Objective Autoimmune pancreatitis (AIP) is a treatable form of chronic pancreatitis that has been increasingly recognised over the last decade. We set out to better understand the current burden of AIP at several academic institutions diagnosed using the International Consensus Diagnostic Criteria, and to describe long-term outcomes, including organs involved, treatments, relapse frequency and long-term sequelae.

Design 23 institutions from 10 different countries participated in this multinational analysis. A total of 1064 patients meeting the International Consensus Diagnostic Criteria for type 1 (n=978) or type 2 (n=86) AIP were included. Data regarding treatments, relapses and sequelae were obtained.

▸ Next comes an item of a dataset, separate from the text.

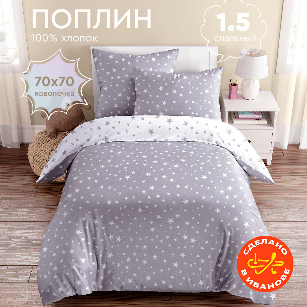10 цен на Постельное белье для детей Василек из поплина, 100% хлопок, 1,5 спальное с наволочкой 70х70 см, Звездочет
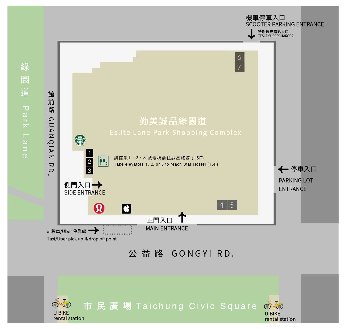 ▾ The parking lot is shared with Eslite Lane Park Shopping Complex, and is

Results The majority of patients with type 1 (99%) and type 2 (92%) AIP who were treated with steroids went into clinical remission. Most patients with jaundice required biliary stent placement (71% of type 1 and 77% of type 2 AIP). Relapses were more common in patients with type 1 (31%) versus type 2 AIP (9%, p<0.001), especially those with IgG4-related sclerosing cholangitis (56% vs 26%, p<0.001). Relapses typically occurred in the pancreas or biliary tree. Retreatment with steroids remained effective at inducing remission with or without alternative treatment, such as azathioprine. Pancreatic duct stones and cancer were uncommon sequelae in type 1 AIP and did not occur in type 2 AIP during the study period.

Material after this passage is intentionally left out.